The latest wave of car-bomb killings in Ukraine started with the murder of journalist Pavlo Sheremet in July 2016 in Kyiv — a crime as yet unsolved by law enforcers.
However, Ukraine’s top security officials say they have no doubt that the Kremlin is behind the increasingly frequent terror attacks throughout the country.

Yuriy Vozniy
Overstretch
Meanwhile, former Security Service of Ukraine Chief Valentyn Nalyvaichenko said the attacks showed more resources should be put into counterintelligence.
“They must complete an investigation into at least one of these murders,” ex-Security Service of Ukraine Chief Valentyn Nalyvaichenko said at a news briefing on June 29. “They must find out who made the explosive devices, where the devices came from and who the organizers are.”
Nalyvaichenko said that the patterns of recent car explosions targeting Ukrainian security officials were similar. He also said that less than 10 percent of the SBU’s employees were now involved in counterintelligence, and that was insufficient.
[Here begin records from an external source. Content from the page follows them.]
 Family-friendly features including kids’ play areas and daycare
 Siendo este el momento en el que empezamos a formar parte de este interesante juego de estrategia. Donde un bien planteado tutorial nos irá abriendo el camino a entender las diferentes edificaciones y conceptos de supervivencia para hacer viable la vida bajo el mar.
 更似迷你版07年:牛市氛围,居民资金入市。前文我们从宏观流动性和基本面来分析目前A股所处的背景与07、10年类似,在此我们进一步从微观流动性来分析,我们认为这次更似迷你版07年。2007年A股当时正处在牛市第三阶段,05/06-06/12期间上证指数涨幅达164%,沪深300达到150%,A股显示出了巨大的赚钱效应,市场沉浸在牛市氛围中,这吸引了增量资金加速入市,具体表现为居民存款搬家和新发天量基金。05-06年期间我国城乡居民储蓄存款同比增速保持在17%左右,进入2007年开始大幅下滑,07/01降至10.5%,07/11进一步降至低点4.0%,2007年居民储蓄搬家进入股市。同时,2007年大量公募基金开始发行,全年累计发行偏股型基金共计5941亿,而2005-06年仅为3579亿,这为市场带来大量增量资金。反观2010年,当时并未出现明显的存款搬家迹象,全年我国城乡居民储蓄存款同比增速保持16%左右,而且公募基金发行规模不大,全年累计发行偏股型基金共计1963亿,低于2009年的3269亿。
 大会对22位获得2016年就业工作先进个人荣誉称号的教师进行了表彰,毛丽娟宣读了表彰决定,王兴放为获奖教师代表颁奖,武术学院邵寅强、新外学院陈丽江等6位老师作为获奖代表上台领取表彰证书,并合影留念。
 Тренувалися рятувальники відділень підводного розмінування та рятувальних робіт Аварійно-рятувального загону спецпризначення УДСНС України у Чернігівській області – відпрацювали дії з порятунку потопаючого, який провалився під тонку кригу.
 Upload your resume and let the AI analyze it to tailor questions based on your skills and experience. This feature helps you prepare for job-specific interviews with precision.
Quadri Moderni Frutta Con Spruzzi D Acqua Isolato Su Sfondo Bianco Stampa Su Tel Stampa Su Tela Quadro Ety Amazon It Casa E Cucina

Moreover, in 2015 a bill making counterintelligence and anti-terrorism the SBU’s top priorities was submitted to the president but it has not been adopted yet, Nalyvaichenko said.
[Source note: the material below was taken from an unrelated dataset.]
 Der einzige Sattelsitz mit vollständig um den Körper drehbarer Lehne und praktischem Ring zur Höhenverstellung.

At the same news briefing, Hennady Druzenko, the head of PDMSH, a volunteer group helping the military, said he thought the security services might be overstretched.
“I suspect that, when intelligence and law enforcement agencies are protecting the Presidential Administration and cracking down on Ukrainian businesses and volunteer fighters, they’re lacking resources to fulfill their main duty: defending the nation from Russian terrorist attacks in the center of our country,” Druzenko said.
Double strike
Over the past few months, Russia has been systematically escalating its subversive activities in Ukraine as a part of its hybrid war against Ukraine, National Security and Defense Council chairman Oleksandr Turchynov said on June 27.
“The weight of evidence suggests that all these murders were planned and organized with the direct involvement of the Russian special services,” Turchynov said during a council meeting following Shapoval’s killing.
“This terror attack is aimed at intimidating and destabilizing the country. It’s no coincidence that the (car bombing) took place amid a large-scale cyberattack, which had Russian origins as well.”
Interior Ministry spokesman Artem Shevchenko also claimed in a post on his Facebook page on June 27 that it was no coincidence that there were two high-profile assassinations and a massive cyberattack in the country on the same day.
The killing of Shapoval on June 27 was immediately followed by an “unprecedentedly large-scale cyberattack,” Shevchenko wrote, in the same way as the murder of the Russian defector Voronenkov on March 23 came on the same day as an alleged drone attack on a giant ammunition depot in Balakliya, which caused a massive fire and devastating explosions.
“It’s a double strike,” Shevchenko said.
Kyiv Post reporter Oleg Sukhov contributed to this report.